All three commissioners were in attendance Friday as the FCC hosted the first meeting of the newly constituted Broadband Deployment Advisory Committee, created by FCC chairman Ajit Pai to come up with strategies for closing the digital divide and advancing his Digital Empowerment Agenda, comprising various stakeholders.
"Deploying broadband is hard, expensive, and time-consuming work, whether you’re trenching fiber, attaching equipment to poles, or setting up a gateway earth station. Red tape shouldn’t make those tasks even harder. To me, it’s pretty simple: With rules that make it easier to deploy broadband, we will see more broadband deployed. And in turn, we can empower millions of Americans with digital opportunity,” said Pai at the meeting.

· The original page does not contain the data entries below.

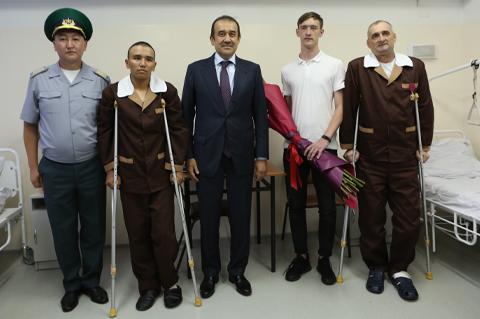 Также, глава КНБ пожелал 19-летнему военнослужащему срочной службы Данияру Онербай скорейшего выздоровления и вручил корзину фруктов с конфетами.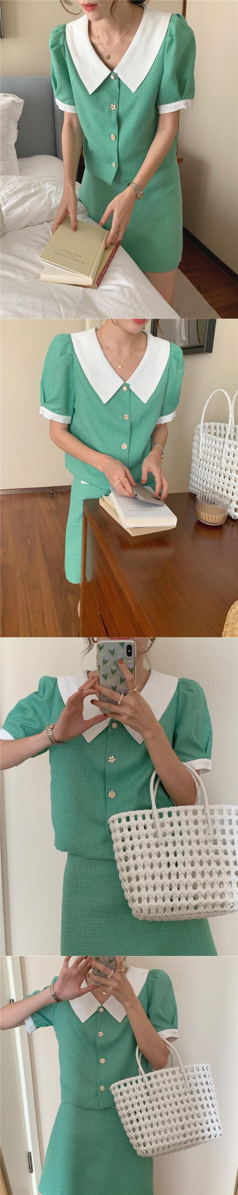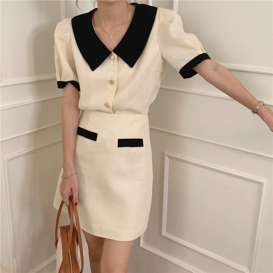 カラーブロックスリーブスタイルシャツ サマースリムショートスカート セット 夏物 ビッグFスモールZ韓国18452467983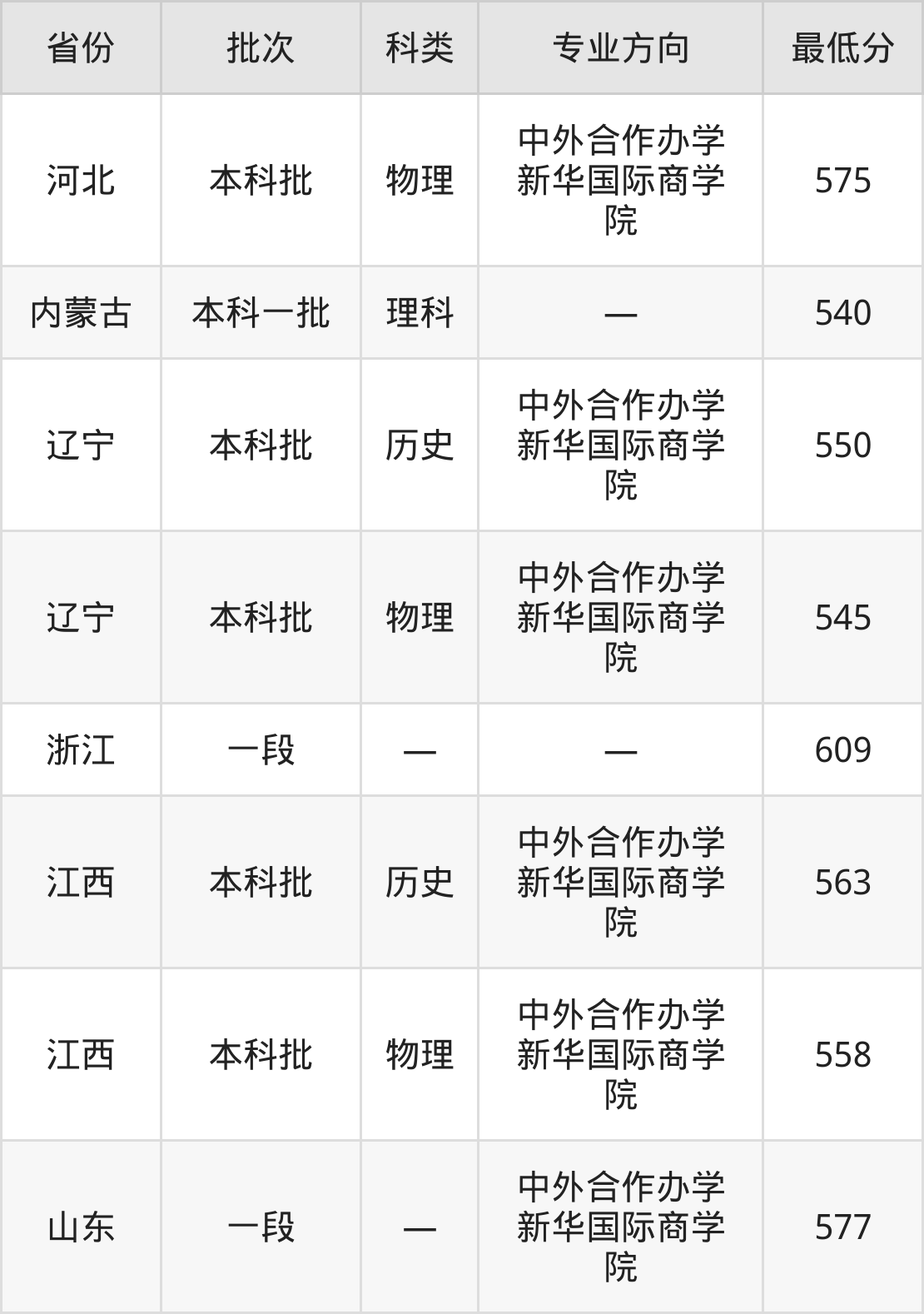 | 历史类 | 中外合作办学 新华国际商学 院 | 5 |

He said when he proposed the committee, he expected a few dozen applications but got over 380. Pai said the committee's mission is "to give the FCC recommendations on ways to spur broadband deployment and reduce barriers to investment. One important part of this work, which I previewed last fall, is to develop model codes for state and municipal governments that want to encourage deployment and competitive entry in their jurisdictions."
The committee will be expected to come up with two "model codes," one for cities and the other for states, those codes being guidelines for how to streamline broadband deployment while balancing the interests of government with the demands for better, faster and cheaper broadband.
The meeting came a day after the FCC took steps to streamline both wired and wireless broadband buildouts in terms of tower siting, pole attachments and access, and rights-of-way on federal land issues, as well as retiring legacy copper networks—and whether nets have to get FCC permission for the phase-outs—and promoting next-gen service like 5G.
The committee will also consider whether the FCC should preempt state laws impeding broadband buildouts.
FCC commissioner Mignon Clyburn attended the meeting to deliver a message. She said that the committee should put consumers first as it debates tower-siting codes or infrastructure streamlining. That includes making sure low income residents are not relegated to second-class status and remembering that “one person's regulatory barrier is another's vital consumer protection.”
Commissioner Michael O'Rielly talked about the litany of barriers to broadband service but said there have been tremendous advances in service, including via the Universal Service Fund, but that the vast amount has been thanks to the risk capital of private companies. He said the FCC would never support nationalizing those industries in the service of faster buildouts.
He said it will take multiple technologies to build out.
O'Rielly offered a word of warning: Don't throw government money at the problem. He said he would be reluctant to support increasing costs to consumers.